Painters practice by depicting the nude body. They study proportions, texture, and colors. Photographers don't need to study the details. However, they have a harder time capturing the whole through the details. Nude photography helps photographers to study more deeply the function of photography and its relationship with the reality of the subject. Precisely because the nude carries the heavy legacy of painting and at the same time the equally heavy presence of the voyeuristic dimension of the photographic lens, a clear relationship of the photographer with the subject is imperative. In short, in photography, it is inherently inconsistent for a model to pose in front of a group of photographers for study, as happens in fine arts schools.

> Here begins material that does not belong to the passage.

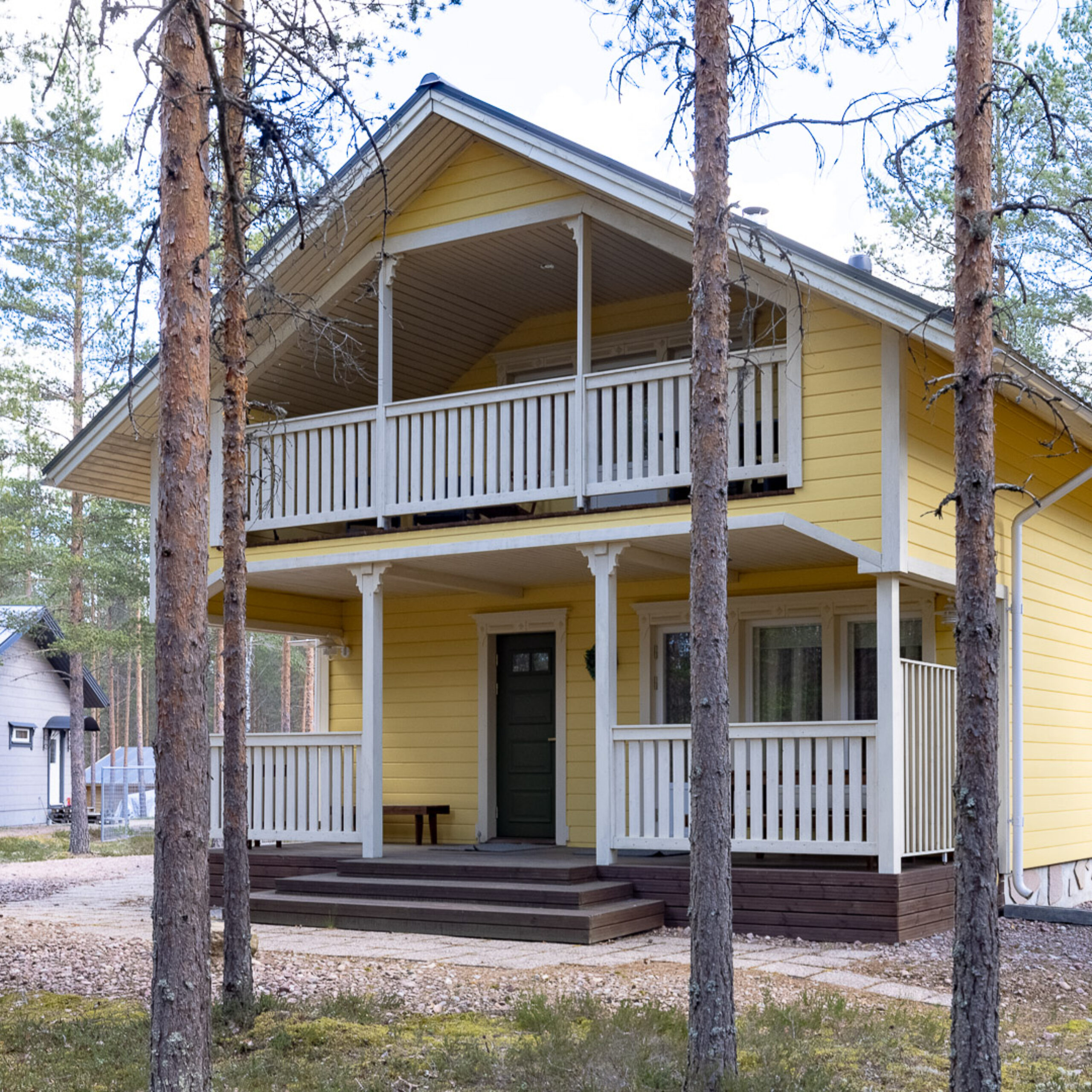 Hyvin varusteltu ja viihtyisä Lumikki-mökki Perhepuiston alueella tarjoaa puitteet koko perheen iloiseen ja aktiiviseen lomaan.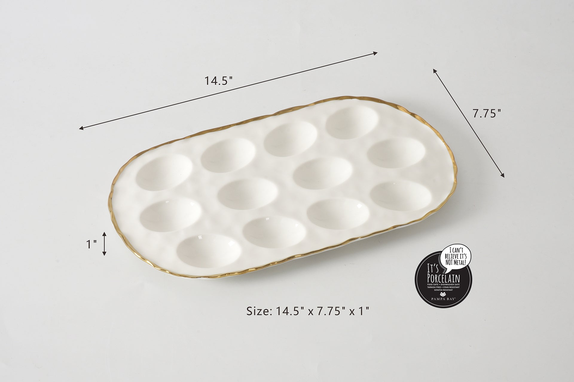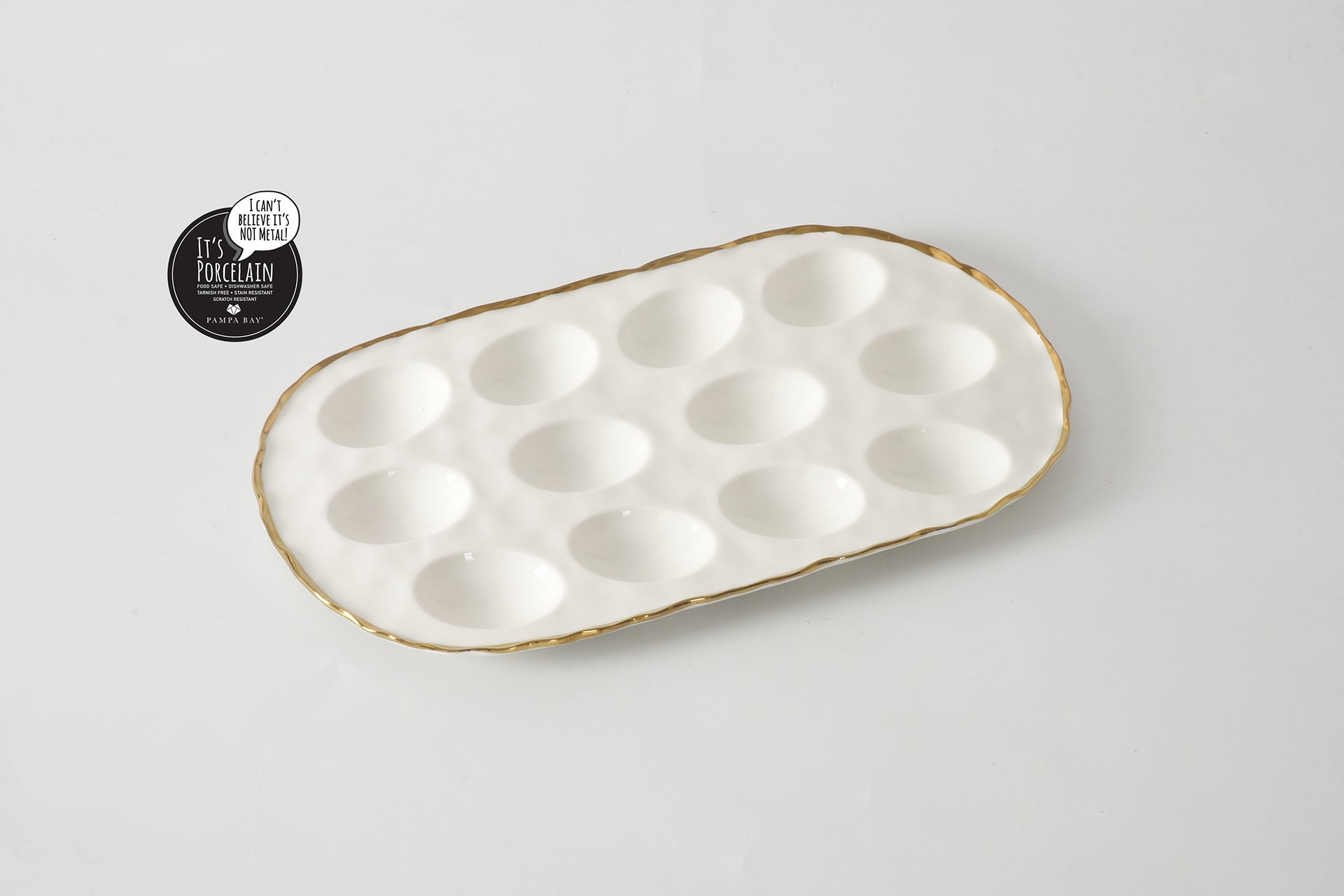 Oval Deviled Egg Tray in Portofino. The perfect accompaniment to relaxed weekend brunches, annual Easter celebrations or a fun night in, our egg tray is a great centerpiece for more than just eggs! Use to display a dozen deviled eggs at brunch or your beautifully decorated Easter eggs. This tray also makes for a great sushi display for a fun night in. Chill in the refrigerator first to keep food fresh and tasty when served. Gorgeous white porcelain with a delicate gold trim. Dishwasher safe, stain resistant, tarnish free, oven safe. Tarnish and stain-free. Easy Care.

When the late Manos Hadjidakis in one of the “Cafés” of the magazine “Tetarto” gathered us, a small group of photographers, to talk about the nude, he asked a question, perhaps funny but also very pertinent: “When you photograph someone nude,” he said, “do you do it before or after?”. And he was right. Such a question would not arise in painting.
The first thing a photographer must decide is why he is photographing something. And this will partly determine how. If this is true for every photographic subject, in the case of the nude it is of paramount importance. The nude tends to “expose” the photographer, leaving him exposed, because it is in itself a charged subject that more easily occupies the space at the expense of the photographer's presence.
In life, and let’s not forget that photography has life as its raw material, the presence of the nude is not self-evident. It is linked to certain conditions and follows certain rules. Therefore, the presence of a nude body must be justified and then transcended. Again, if this is true for all subjects, in the case of the nude it is even harder to achieve. This probably explains why there are few instances of great photographers who have systematically and successfully dealt with the nude. And as much as I search, I hardly find anyone who succeeded more than the Englishman Bill Brandt, and not in all his nude photographs.
To succeed in nude photography, the photographer must acknowledge his starting point, e.g., attraction to certain bodies, repulsion to others, love for a body, compassion or tenderness for others, depiction of time on bodies, underground or apparent eroticism, curiosity about the process, fascination with the unprotected and vulnerable revealed by nudity, or anything else that made him choose to reject clothing. Then he must attempt to overturn or balance his motivations with a counterbalancing tendency. Brandt, for example, achieved this by placing female nude bodies in a space of everyday familiarity, in front of a bed or a table, for instance, but subverting their natural presence through theatrical lighting, an expressionless form, and a distorting angle of view.
In photography, no subject can be a mere pretext, but neither is any sufficient in itself. And the more charged a subject is (and the nude undoubtedly is), the greater the demands on it.